PROMPT:
All that is wanted is the line with "Для линии атаки" and each line after it to the end of the data below, set down exactly and without pictures.

Records excerpted from a collection:
——————
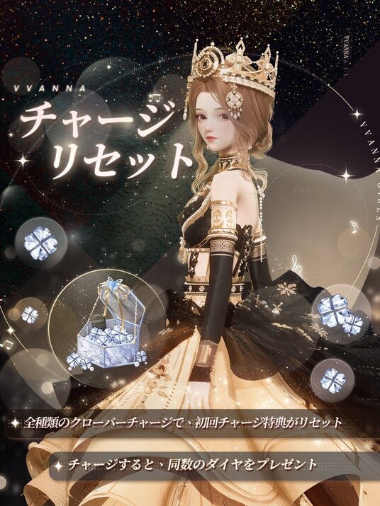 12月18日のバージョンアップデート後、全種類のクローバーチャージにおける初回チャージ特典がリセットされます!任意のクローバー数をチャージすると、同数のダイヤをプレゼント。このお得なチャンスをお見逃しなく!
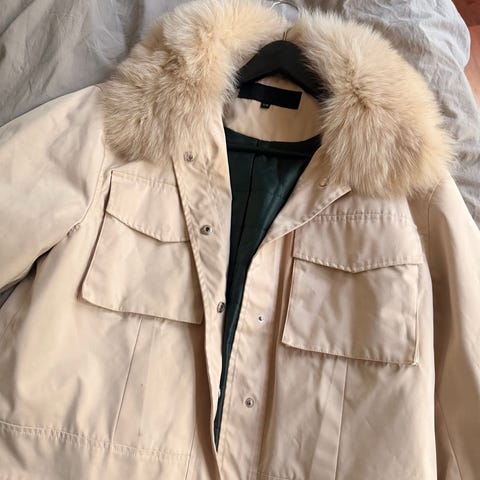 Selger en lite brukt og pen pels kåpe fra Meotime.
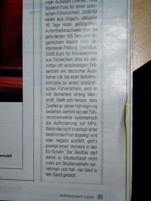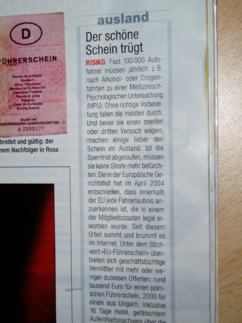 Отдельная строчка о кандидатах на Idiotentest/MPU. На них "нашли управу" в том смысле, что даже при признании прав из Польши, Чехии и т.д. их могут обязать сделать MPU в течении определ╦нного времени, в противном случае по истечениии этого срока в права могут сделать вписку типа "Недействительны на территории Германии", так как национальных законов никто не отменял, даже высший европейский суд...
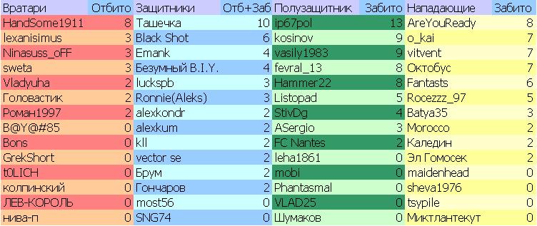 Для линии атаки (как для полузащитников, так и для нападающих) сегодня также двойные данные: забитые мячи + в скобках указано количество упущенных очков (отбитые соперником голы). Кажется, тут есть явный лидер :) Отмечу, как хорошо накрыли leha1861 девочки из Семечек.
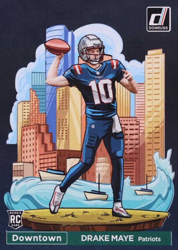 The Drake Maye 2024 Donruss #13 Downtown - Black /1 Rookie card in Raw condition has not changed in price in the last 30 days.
——————
SOLUTION FOR THIS EXERCISE:
 Для линии атаки (как для полузащитников, так и для нападающих) сегодня также двойные данные: забитые мячи + в скобках указано количество упущенных очков (отбитые соперником голы). Кажется, тут есть явный лидер :) Отмечу, как хорошо накрыли leha1861 девочки из Семечек.
 The Drake Maye 2024 Donruss #13 Downtown - Black /1 Rookie card in Raw condition has not changed in price in the last 30 days.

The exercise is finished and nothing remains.